Protein isolation using affinity chromatography

Many product or even waste streams in the food industry contain components that may have potential for e.g. functional foods. These streams are typically large in volume and the components of interest are only present at low concentrations. A robust and highly selective separation process should be developed for efficient isolation of the components. Affinity chromatography is such a selective method. Ligands immobilized to a stationary phase (e.g., a resin or membrane) are used to bind the component of interest. Affinity chromatography is, however, a costly process, due to the batch-wise operation, the large amount of solvents required and the high costs of the ligands and stationary phases. Therefore, its current use is mainly limited to lab-scale purifications and pharmaceutical applications.

The aim of this research was to investigate the potential of affinity chromatography for the isolation of minor protein in the food industry. The discovery of the VHH ligand, based on the binding domain of a llama antibody, has led to a new class of highly selective ligands, which can be produced on a large scale. We studied the chromatography process to measure productivity, but also to develop a rational protocol for decisions on suitable stationary phases and process configurations. The research presented in this thesis provides insights in the opportunities and challenges for large-scale affinity chromatography.

The isolation of protein using affinity chromatography requires several stages: adsorption, washing, and desorption. In Chapter 2, we studied these stages for the isolation of bovine serum albumin (BSA) from pure BSA solutions with high and low concentration and from actual feedstock, in this case cheese whey. A small-scale packed bed column was used to investigate the yield and productivity. BSA was retrieved in highly pure and concentrated form in the desorption stage. Furthermore, we found that the productivity of the system strongly depended on the point at which the adsorption stage is terminated.

Acids or salts are commonly used to disrupt the bond between ligand and target protein during desorption. This results in the use of large quantities of chemicals, whilst the potential of other methods for desorption, such as an increase in temperature, is not fully explored. In Chapter 3 we measured the thermodynamics of the adsorption reaction between BSA and the VHH ligand with isothermal titration calorimetry (ITC). Temperature and pH were varied to find other conditions for desorption. A buffer with high pH could be used for desorption, and an increase of temperature seemed to weaken the bond between protein and ligand. However, the acidic buffer would in this case still be most effective.
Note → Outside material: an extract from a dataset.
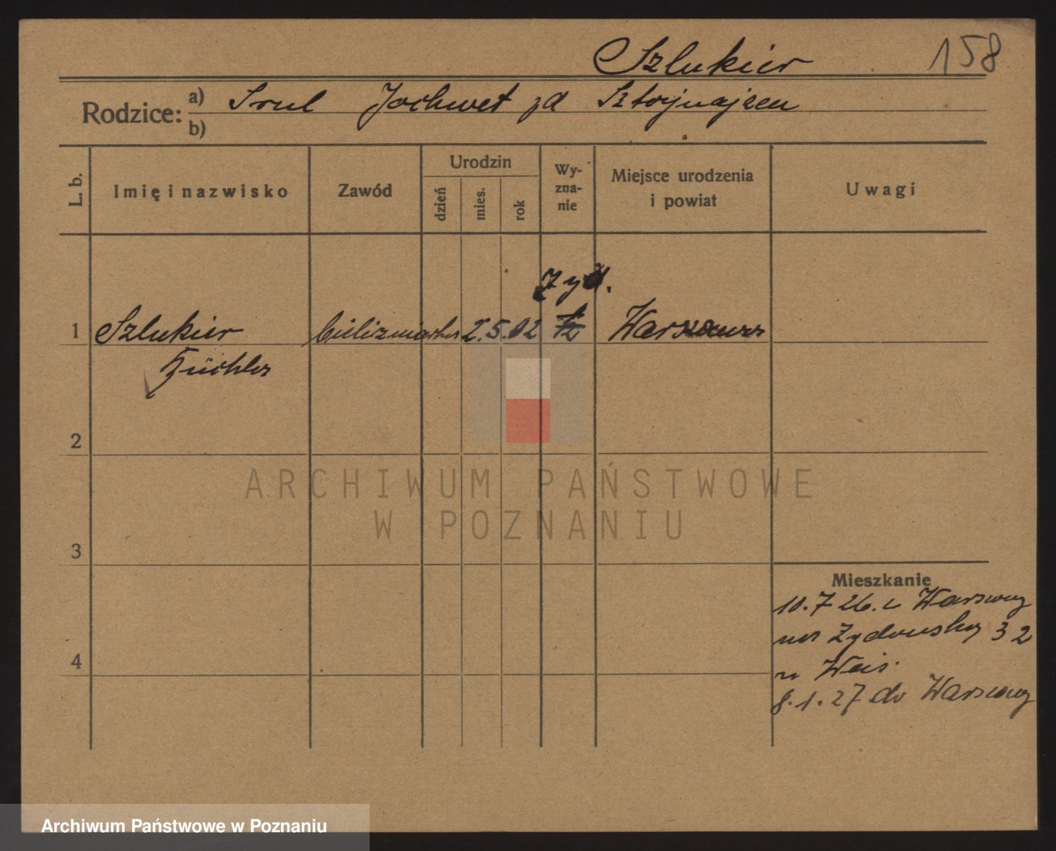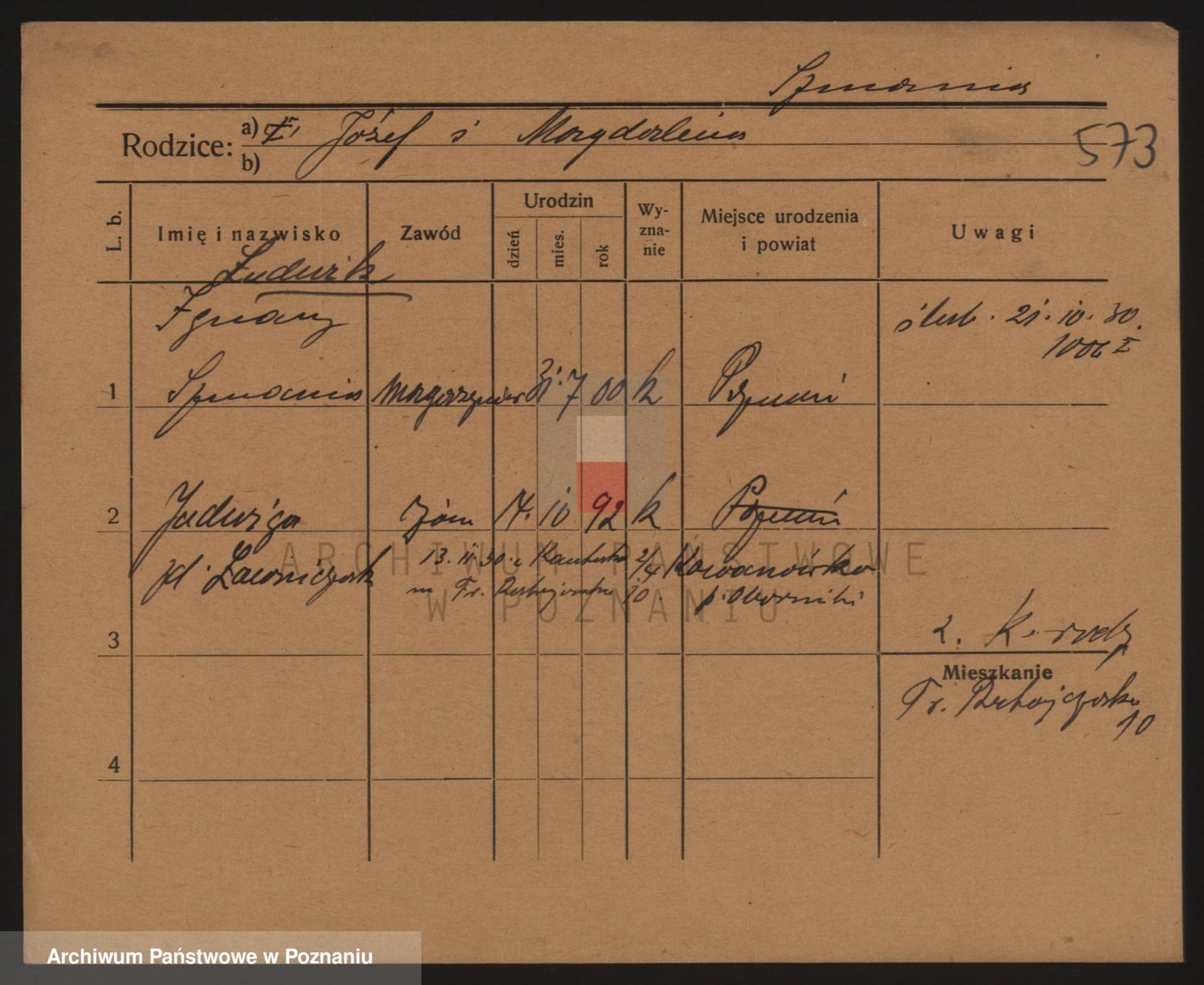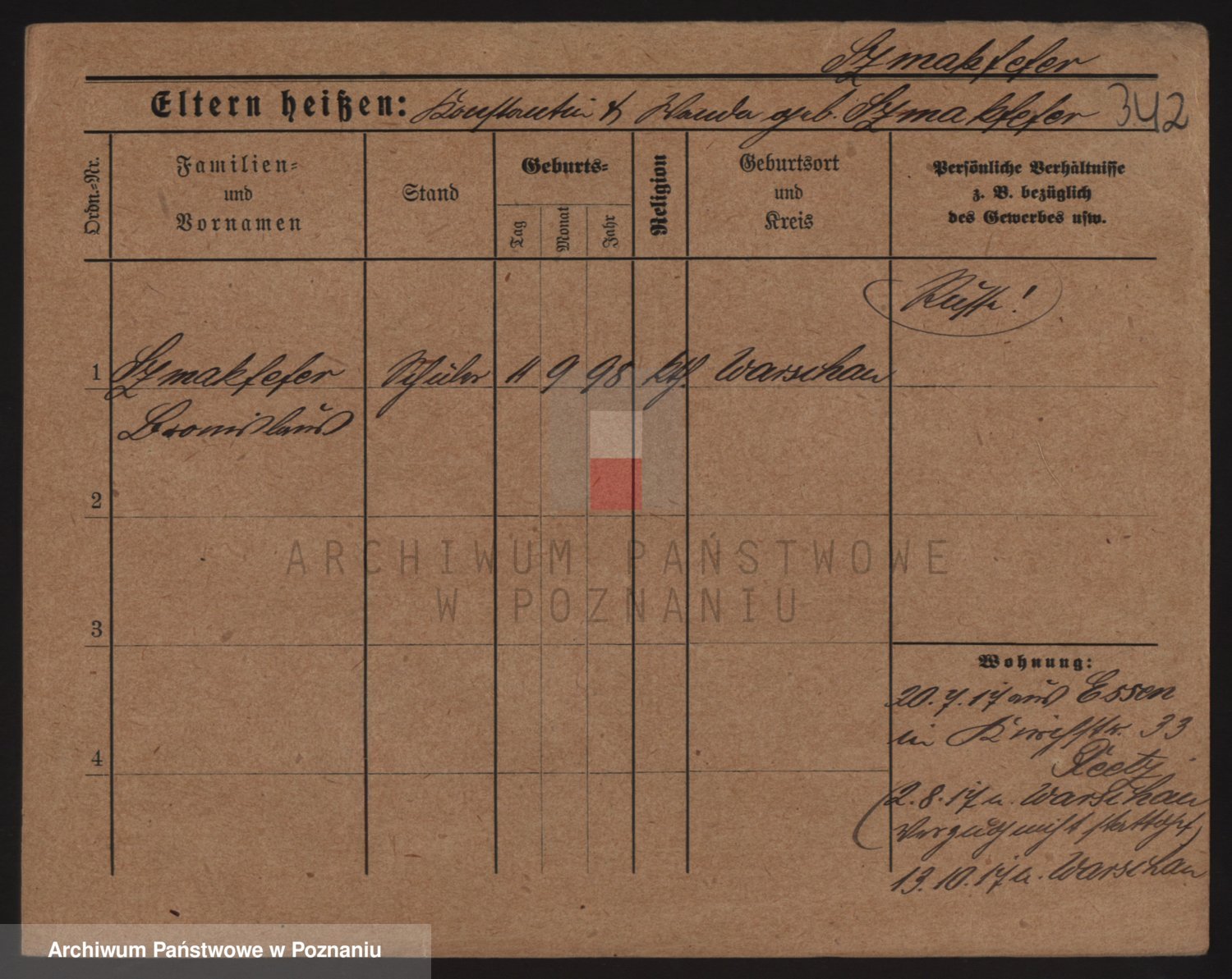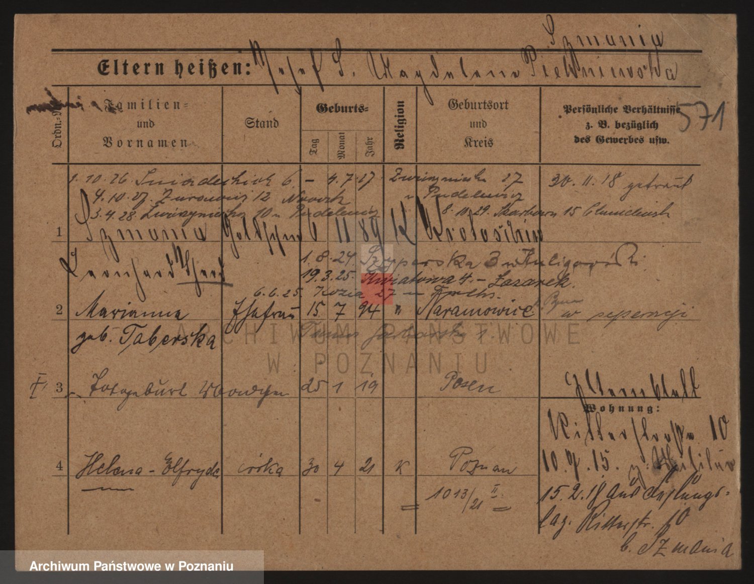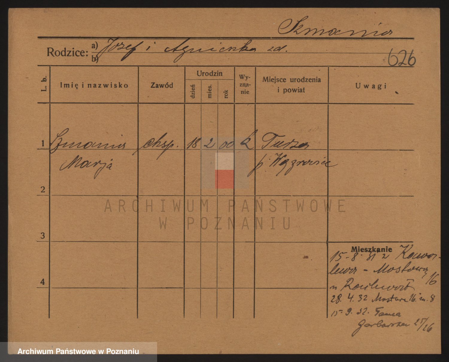 Podgląd karty osobowej dostępny jest po kliknięciu na nazwisko lub ikonkę karty. Można dokonywać powiększenia (ikony na górze) lub przechodzić między kolejnymi skanami (strzałki po bokach).

Apart from the bond between ligand and target protein, the stationary phase to which the ligand is immobilised plays a key role in the chromatography process. Many supports are available, of which we investigated a selection of resins for packed bed chromatography in Chapter 4. We found that some resins were unsuitable for our process due to their low adsorption capacity. A ranking and weighing method was presented to determine the optimal resin depending on the requirements of the process.

An important issue we found for all the resins investigated, was the low adsorption capacity compared to other types of adsorptive chromatography processes, such as ion exchange chromatography. Therefore, we studied the immobilization of the ligand to three resins in more detail in Chapter 5. The efficiency of ligand immobilization depended on the ligand concentration used in the immobilization procedure. However, only approximately one out of five immobilized ligands was able to bind to the target. Improvement of ligand immobilization is therefore a potential route to increase the feasibility of affinity chromatography for large-scale processes. 

Eventually the lab-scale process has to be scaled-up to industrial scale. The commonly used axial flow column, essentially a cylinder filled with resin through which the feed flows in the axial direction, can have problems at scale-up, because of increased pressure drop as the column is lengthened. Therefore, scale-up usually takes place by widening the column. Another option is to use a radial flow column, in which the resin is confined between two concentric cylinders and liquid flows from the outside inwards or from the inside outwards. The radial flow column can be scaled up in height instead of width. In Chapter 6 we compared axial and radial flow affinity chromatography both experimentally and theoretically. We found that the differences in performance were minimal, because the process was limited by diffusion inside the resin particle. At a small process scale, radial flow columns are impractical in terms of size, but at a larger process scale they may compete with axial flow columns because of their smaller foot print and possibly lower construction costs.

The research in this thesis was focused on a defined ligand-protein system and commercially available resins in packed-bed configuration. The potential of other stationary phases, such as non-porous (magnetic) particles, membranes and monoliths was therefore discussed in Chapter 7. We found that currently the packed bed of porous resin beads still seems to be the most suitable configuration. A radial flow column with porous affinity resin is in theory capable of isolating a low-concentrated protein from a large feed of 10 m³/h. However, the relatively low capacity of the resin, the limited liquid velocity, as well as large buffer usage and the current costs remain important issues to resolve to further expand the opportunities of affinity chromatography for minor protein isolation.